High-dose IVMP is the most common treatment utilized in retrospective studies of MOGAD attacks. In a retrospective evaluation of 122 MOGAD relapses treated solely with IVMP, 50% of cases had complete or nearly complete recovery, 44.3% had partial recovery, and 7% had no or almost no recovery [19]. For cases of optic neuritis, the rapidity of steroid initiation impacts clinical outcome; treatment initiation after ≥ 10 days is associated with a lower rate of HCVA recovery and decreased peripapillary retinal nerve fiber layer thickness (pRNFL) measured by optical coherence tomography (OCT) at 3 months [20]. A smaller retrospective study of MOGAD and NMOSD optic neuritis noted a similar time dependence (initiation within 7 days) for optimal treatment with steroids [21].

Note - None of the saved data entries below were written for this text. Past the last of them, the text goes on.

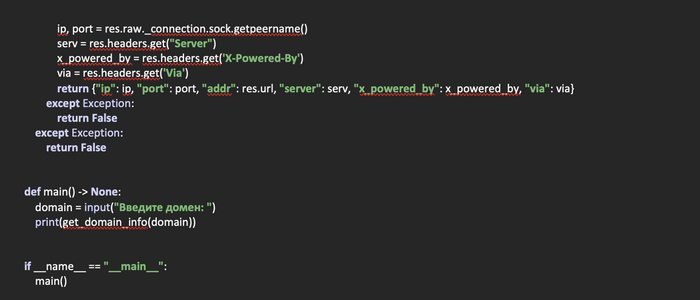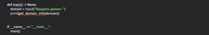 Ну и создадим функцию main, где и будем запрашивать у пользователя домен, отправлять его в функцию для получения информации и выводить на печать полученные в виде словаря данные.
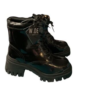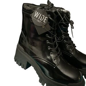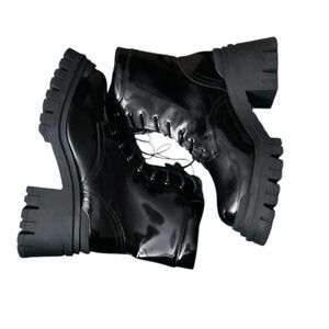🦄 Forever 21 Glossy Black Moto Boots RT $45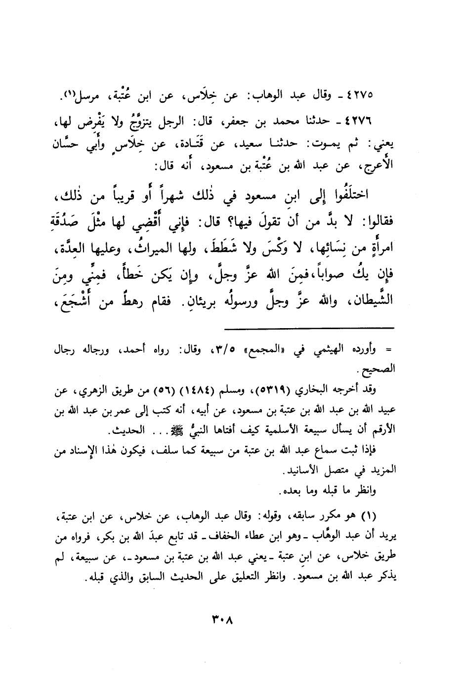 (١) هو مكرر سابقه، وقوله: وقال عبد الوهاب، عن خلاس، عن ابن عتبة، يريد أن عبد الوهاب - وهو ابن عطاء الخفاف - قد تابع عبدَ الله بن بكر، فرواه من طريق خلاس، عن ابنِ عتبة - يعني عبد الله بن عتبة بن مسعود -، عن سبيعة، لم يذكر عبد الله بن مسعود. وانظر التعليق على الحديث السابق والذي قبله.
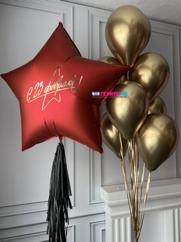 Шары золотые на 23 февраля с большой звездой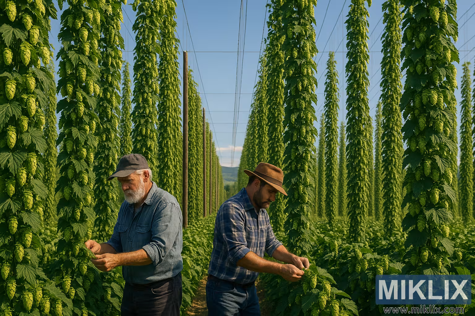 La imatge captura un moment de pràctica agrícola atemporal, on el cultiu del llúpol s'eleva a una forma d'art transmesa de generació en generació. Fileres imponents de vinyes de llúpol Perle s'estenen cap al cel en perfecta alineació, cada vinya carregada de pinyes verdes maragda que brillen suaument a la llum de la tarda. Les plantes, sostingudes per un intricat sistema d'enreixat de pals de fusta alts i línies de filferro tenses, formen una estructura gairebé catedralícia, el seu fullatge dens crea parets verticals de verd que semblen estendre's sense fi cap a l'horitzó. La simetria dels enreixats realça la sensació d'ordre i precisió, subratllant la cura meticulosa que defineix el cultiu del llúpol en la seva màxima expressió.

Alternative, often second-line, treatments for acute MOGAD relapse include PLEX and IVIg. As the timing of second-line treatment may also impact clinical outcomes, PLEX or IVIg may be delivered sooner for patients with severe symptoms and no response to IVMP. The European Union Pediatric MOG Consortium guidelines suggest moving to IVIg or PLEX after 3 days or 5 days of IVMP if no or inadequate improvement is observed [15]. IVIg may be easier to deliver in some clinical settings and is typically used more often in pediatric patients than in adults. While formal data on practice patterns is not available, from survey data on the acute management of MOGAD, PLEX was favored as second-line treatment by adult neurologists while pediatric neurologists were split between PLEX and IVIg, and this may, in part, be related to practical issues [14]. For a first attack, the diagnosis of MOGAD is often not confirmed while acute treatment is being arranged; therefore, aggressive treatment with PLEX may be warranted if NMOSD is high in the differential [22, 23]. Data on IVIg as an acute treatment is less robust, but it may be considered as a second-line treatment in pediatric cases or if there are contraindications or limited access to PLEX [19]. Ideally, serum MOG-IgG should be performed prior to administration of IVIg (which may cause false positives) or PLEX (which may result in false negatives). Typical maintenance therapies have not yet been evaluated in the setting of acute relapses.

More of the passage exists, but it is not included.